With an active move towards electronic processing by the Immigration Refugee & Citizenship Canada (IRCC), the reliability of the email correspondence between applicants and officials has become a growing concern.
New guidelines for email communication with immigration applicants have been recently issued to avoid complaints and lawsuits over missing correspondence that may lead to wrongful denials of eligible applications.
The guidelines include instructions on how to save a sent email in the department’s system and provide evidence for litigation purposes. Officials must obtain consent from applicants to communicate via email by ensuring a completed application form includes an email address of either the applicants. Consent is presumed if applicants initiate an email communication.
Failing to respond to officials’ requests as a result of missing email can be detrimental to applicants’ immigration prospects.

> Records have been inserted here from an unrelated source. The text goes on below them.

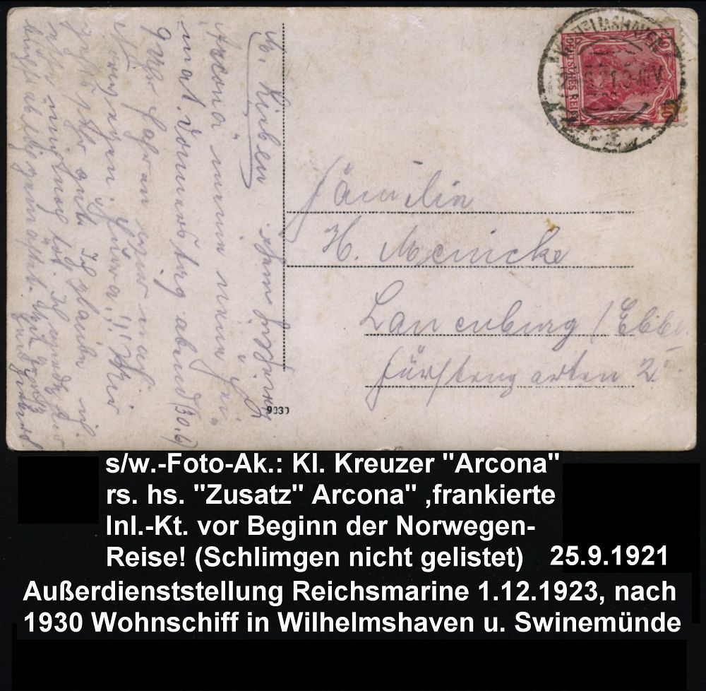 | 977 | 30 € | DEUTSCHE MARINE / DIENSTPOST 1919-1933 : WILHELMSHAVEN/ *1* 1921 (25.6.) 1K-Brücke auf EF 40 Pf. Germania + hs. "Arkona" = Kleiner Kreuzer , frankierte s/w.-Foto-Ak.: "Arkona" vor Beginn der Norwegenreise! (Schlimgen nicht gelistet!) Text: "Arcona meine neue Heimat, Donnerstag Abend (30.6.) 9 Uhr fahren wir nach Norwegen Hurra!!", sehr seltener Beleg n. Lauenburg/Elbe (Mi.145 EF) | | |
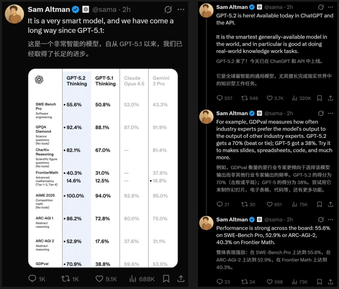 GPT-5.2震撼发布,全球AI王座再次易主。
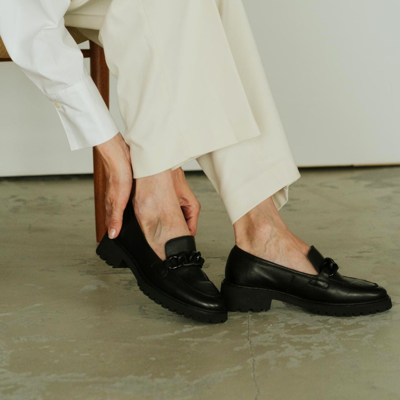 シーズンより大好評のボリュームローファーは今シーズンも継続。 エレガントな足元を演出してくれるカラーMOON。ソールのカラーまでこだわった絶妙なカラーはaraならでは。 何かと使えるオールブラック。トレンドな足元とユーズフル、両方が叶う優秀なローファーです。※POP UPでの展開はMOONのみとなります。
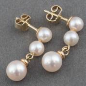 Paar 14kt gouden oorhangers met drie gecultiveerde parels, brutogewicht 2,7 gram, 2,5 cm
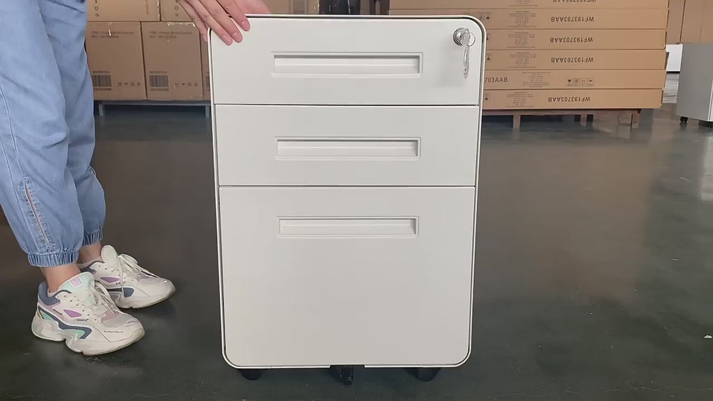 Designed for modern workspaces and office, the Filex 3 Drawer Mobile Pedestal Cabinet Round Corner offers a perfect balance of security, mobility and organization. Crafted from durable steel with a smooth white powder-coated finish, this cabinet delivers a professional, sleek aesthetic while ensuring your documents and office essentials are safely stored. With smooth-gliding drawers and durable construction, and easy mobility, it’s perfect for organizing files, supplies, or personal items. Its compact design fits under desks, while the lockable drawers keeps valuables secure.
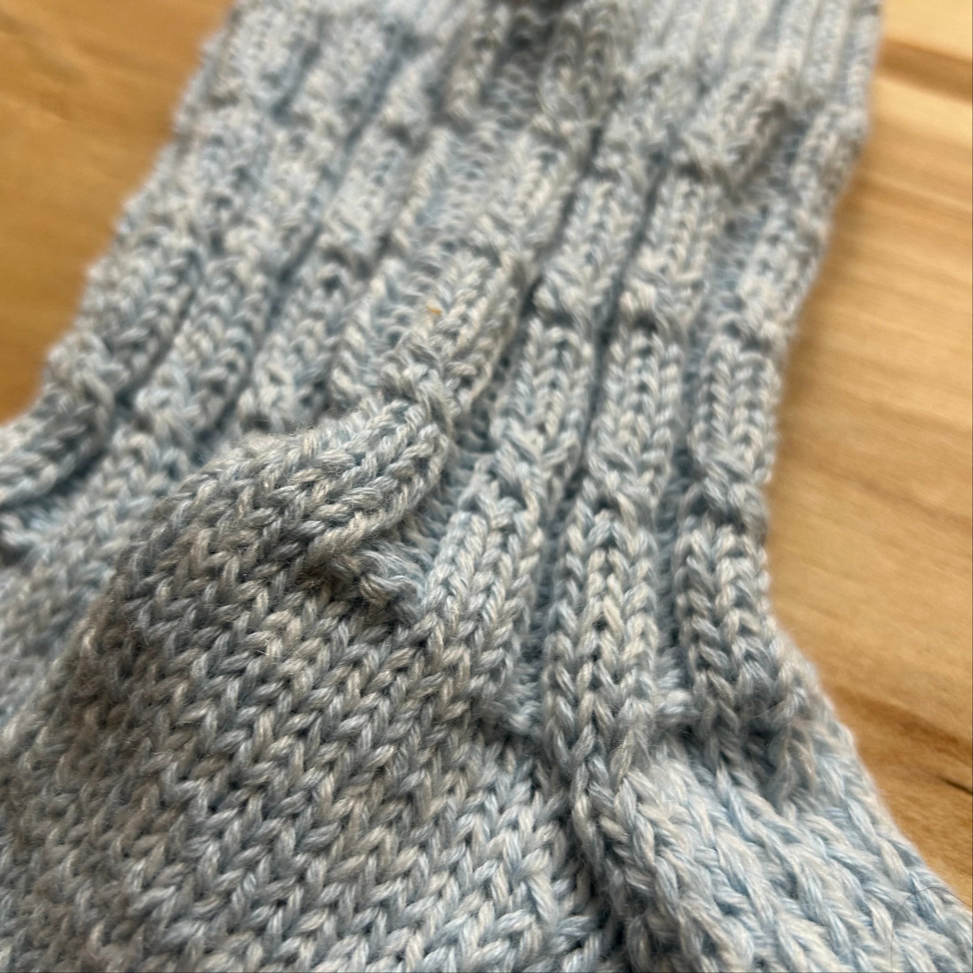 Rokām adītas gaiši zilas siltās zeķes 37.-39.izm. līdzenā adījumā ar rakstainu valnīti. Stulma augstums 15 cm / adītās pēdas garums neiestiepjot 24 cm.

Failing to prove that the correspondence had been sent and received can lead to lawsuits for the federal government.
The new guidelines provide safeguards and more precise instructions to officers to save records. The new guidelines warn officers that the old departmental practice of “read notification function” can no longer be used as a means of verifying that the applicant had received the email.
Even though the responsibility lies on the applicant to respond to officers’ requests and make their case if it warrants, reconsideration in the case of an “abandoned” application due to alleged missing email, must be considered under the new guidelines.
If the decision-maker finds that an error was made by IRCC and the email requesting additional information was not sent to the applicant or representative, the applicant must be given a second chance to comply.